Sunday, July 17, 2005

Don't get old

My grandmother was always full of advice. A few months before she died she offered this bit of wisdom: Don't get old.

She was right.

I've always wanted to write about what I called "The Gift of Alzheimer's." My grandmother had a touch of Alzheimer's Disease that became progressively worse in the final months of her life. But the effect it had on her was to replace the here-and-now with a subtly altered corresponding set of perceptions. Her room in the nursing home became the living room of her house. She mapped the various people in her life to people from her past: my mother to my grandmother's sister ("Cioci", meaning "Aunt", pronounced "chicchy"), me to my grandmother's brother, my uncle to my grandfather (or "Pop").

I would visit her and ask her how her day had gone, and she would tell me about how she had gone for a walk downtown to shop in stores that had closed 20 years before, or how Pop and Cioci had come to see her today, or how she had sat on her porch eating peaches. After Princess Diana's funeral in 1997 I asked her if she had seen it on TV - and she said "Yes, I laid on the couch in the living room and cried and cried." I was glad that these were the things that she remembered, rather than the fact that she was spending her days in a bed or a wheelchair in a nursing home, with food provided to her via a tube passing through a hole in her stomach.

But it's not always the case that Alzheimer's is a boon companion in your twilight years. No, sometimes Alzheimer's just really, really sucks.

Don't get old.

Update, 7/17/07: This was written a few days after my father had been admitted to a nursing home. His dementia had apparently worsened, though it was entirely possible that this was due to overmedication by the facility.

4 comments:

Anonymous said...

No -- get old surrounded by people who love you. Unless she was in pain (and it doesn't sound like she was) your grandmother went on to whatever is next in the company of happy memories. All things considered, it's not a bad way to exit.

Unlike Certain Republican Senators, I won't assume that I know what was best for your grandmother. It's always hard to seem someone we love transformed by age and illness. And I'm certainly not a "choose life above all" advocate.
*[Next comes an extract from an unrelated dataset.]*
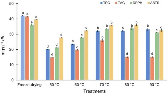 Antioxidant activity and phenolic content of DRP under different drying temperatures (50, 60, 70, 80, and 90 °C), including freeze-drying as a control. Total phenolic content (TPC, mg GAE·g−1 db), total anthocyanin content (TAC, mg C3G·g−1 db), and DPPH and ABTS activities (mg AAE·g−1 db). Significant differences among treatments (p < 0.05) are indicated by different letters (a–d) above the bars.
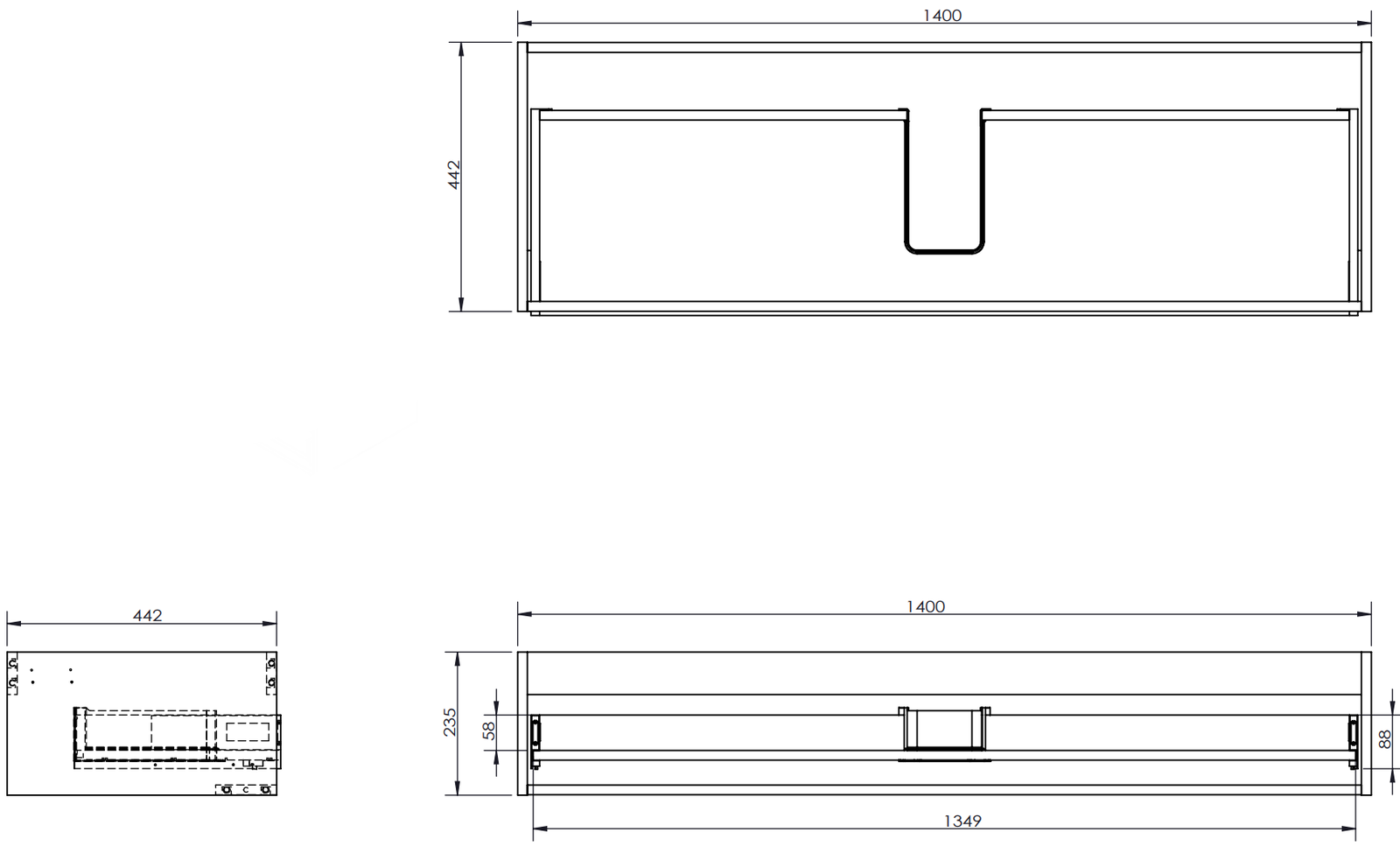 O recorte na gaveta é projetado de forma a acomodar o sifão, que é essencial em instalações de lavatórios. Graças a isso, o móvel pode ser montado de forma totalmente funcional, sem a necessidade de abdicar do espaço da gaveta em prol da instalação.

But as long as our existence here doesn't cause us pain and it grants the ones who love a chance to demonstrate that love on a daily basis, life has meaning.

Anonymous said...

and don't get sick either, it's expensive.
I watched both grandmothers wither away with Alzheimer's, it is not a fun thing, both them seemed frustrated at times but it really takes it's toll on their loved ones, to see these beautiful strong woman forget what time it is, who is visiting, where they are is truly heartbreaking. it is a sadness that lingers evrytime you visit them and is still with me today. the feeling of helplessness you feel for someone you love is possibly the worst feeling. there is a show on FX called Rescue Me where one of the charector's wive's is clearly getting Alzheimer's it is rare that a show would tackle such a horrible subject especially from the point of view of a spouse.
Both of my grandfathers were dead by the time my grandmothers got it. It must be 100 times worse for spouses than annyone else in the family. Seeing that show brought all of those feelings of depression and helplessness I felt when I would visit them.

-dude

D.B. Echo said...

I think I've been way too opaque here.

To put this post in context: I wrote it just a few minutes after coming back from visiting my father in the nursing home that he was relocated to last Wednesday. His Alzheimer's is galloping along at a much more furious pace than my grandmother's did. He is now on what I call a "10 second cycle": the period between the time that he asks you a question, makes a series of unrealated comments and inappropriate physical actions, and then asks you the question again - without remembering he had already asked it - is about 10 seconds.

He was someone you could tolerate when he was on a 45-minute cycle, maybe six months ago. A 20-minute cycle from three months or so ago was a little more irritating. A 3-minute cycle at the beginning of June was maddening, and a 45-second cycle was almost impossible to deal with. At a 10-second cycle, the staff at the nursing home is having a hard time coping with him. My mother and I could never handle him at this point.

And I still can't write about it directly. So I'll leave this buried in a comment for now.

Anonymous said...

Harold, I could not reply to this yesterday when I read it as I did not know how to respond properly.
I still don't.
You and your family are to be commended for the wonderful care you give your Dad. I agree with Dee, get old surrounded by people who love you.